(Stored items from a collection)
++++++++++++++++++++

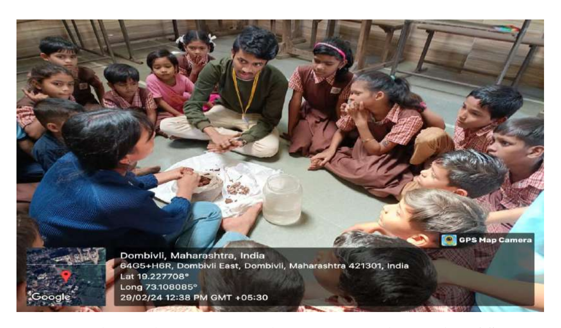
Volunteers creating Environmental consciousness by teaching making of Seed Bolls to school students
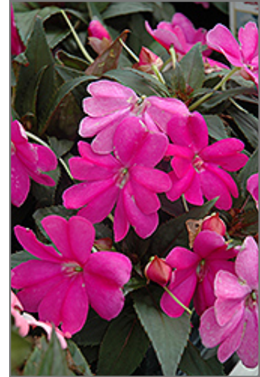
SunPatiens Compact Lilac New Guinea Impatiens flowers

SunPatiens Compact Lilac New Guinea Impatiens is recommended for the following landscape applications;
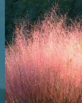
Pink Muhly Grass
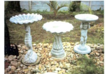
In Bird Baths
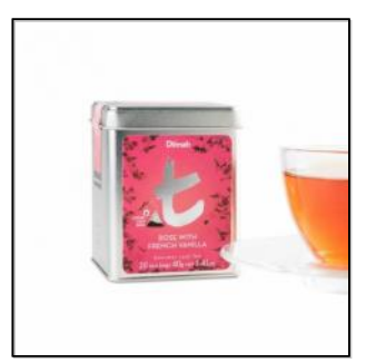
t-Series Rose With French Vanilla
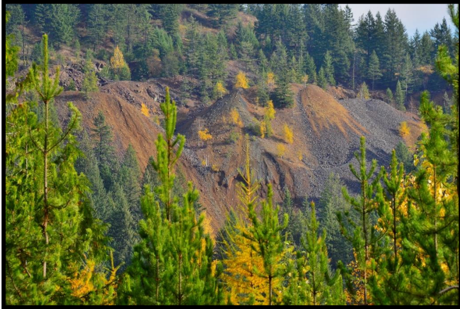
Ore Dumps on south slopes of Red Mountain 2014
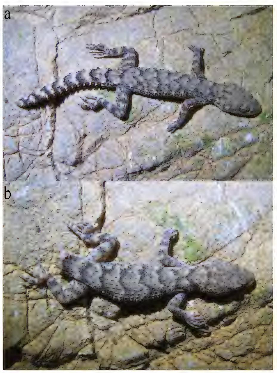
Fig. 4. Dorsal view in life of (a) holotype and (b) paratype of Lakigecko aaronbaueri sp.n. before preservation.

tubercles on dorsum and tail); from Hemidactylus by non-dilated digits (vs. well-defined dilated digital bases); from Pseudoceramodactylus Haas, 1957, Crossobamon Boettger, 1888, and Stenodactylus Fitzinger, 1826 and Teratoscincus by digits without elongate fringes (vs. digits with well-defined lateral elongate fringes); from Parsigecko Safaei-Mahroo, Ghaffari, and Anderson, 2016 by large, keeled tubercles on body dorsum, subcaudal scales small and strongly keeled (vs. without dorsal tubercles, and subcaudal scales large and smooth).
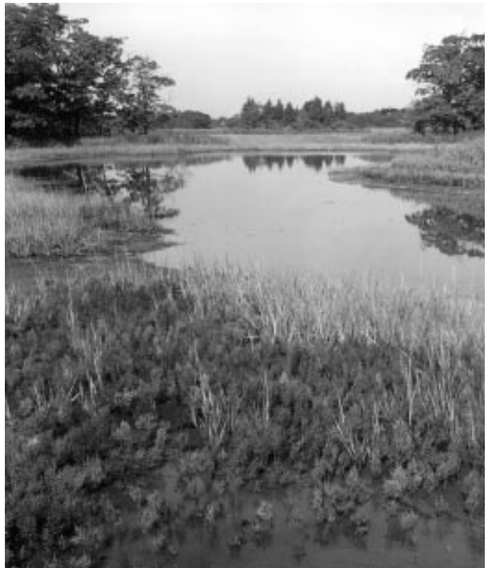
Salt panne at Sawyer's Island Conservation Area in Rowley is subject to a conservation restriction held by the Essex County Greenbelt Association.
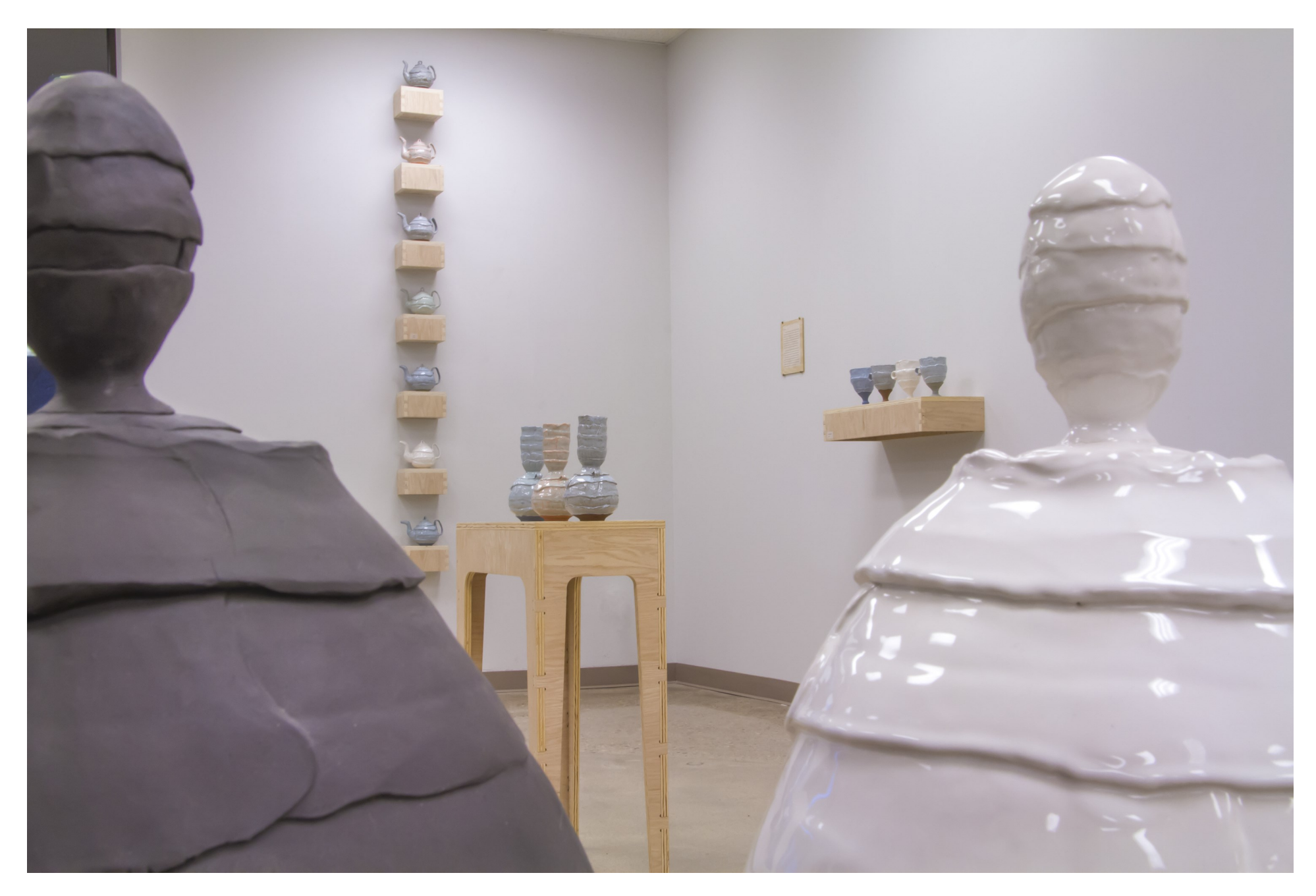
Figure 16: Harmony of Repetition

++++++++++++++++++++

* _About this exercise_: Copy the lines of the records, beginning where the line containing "SunPatiens Compact Lilac New Guinea Impatiens is" appears and continuing through the final line, exactly and with no pictures.

* _Solved exercise_:
SunPatiens Compact Lilac New Guinea Impatiens is recommended for the following landscape applications;
Pink Muhly Grass
In Bird Baths
t-Series Rose With French Vanilla
Ore Dumps on south slopes of Red Mountain 2014
Fig. 4. Dorsal view in life of (a) holotype and (b) paratype of Lakigecko aaronbaueri sp.n. before preservation.

tubercles on dorsum and tail); from Hemidactylus by non-dilated digits (vs. well-defined dilated digital bases); from Pseudoceramodactylus Haas, 1957, Crossobamon Boettger, 1888, and Stenodactylus Fitzinger, 1826 and Teratoscincus by digits without elongate fringes (vs. digits with well-defined lateral elongate fringes); from Parsigecko Safaei-Mahroo, Ghaffari, and Anderson, 2016 by large, keeled tubercles on body dorsum, subcaudal scales small and strongly keeled (vs. without dorsal tubercles, and subcaudal scales large and smooth).
Salt panne at Sawyer's Island Conservation Area in Rowley is subject to a conservation restriction held by the Essex County Greenbelt Association.
Figure 16: Harmony of Repetition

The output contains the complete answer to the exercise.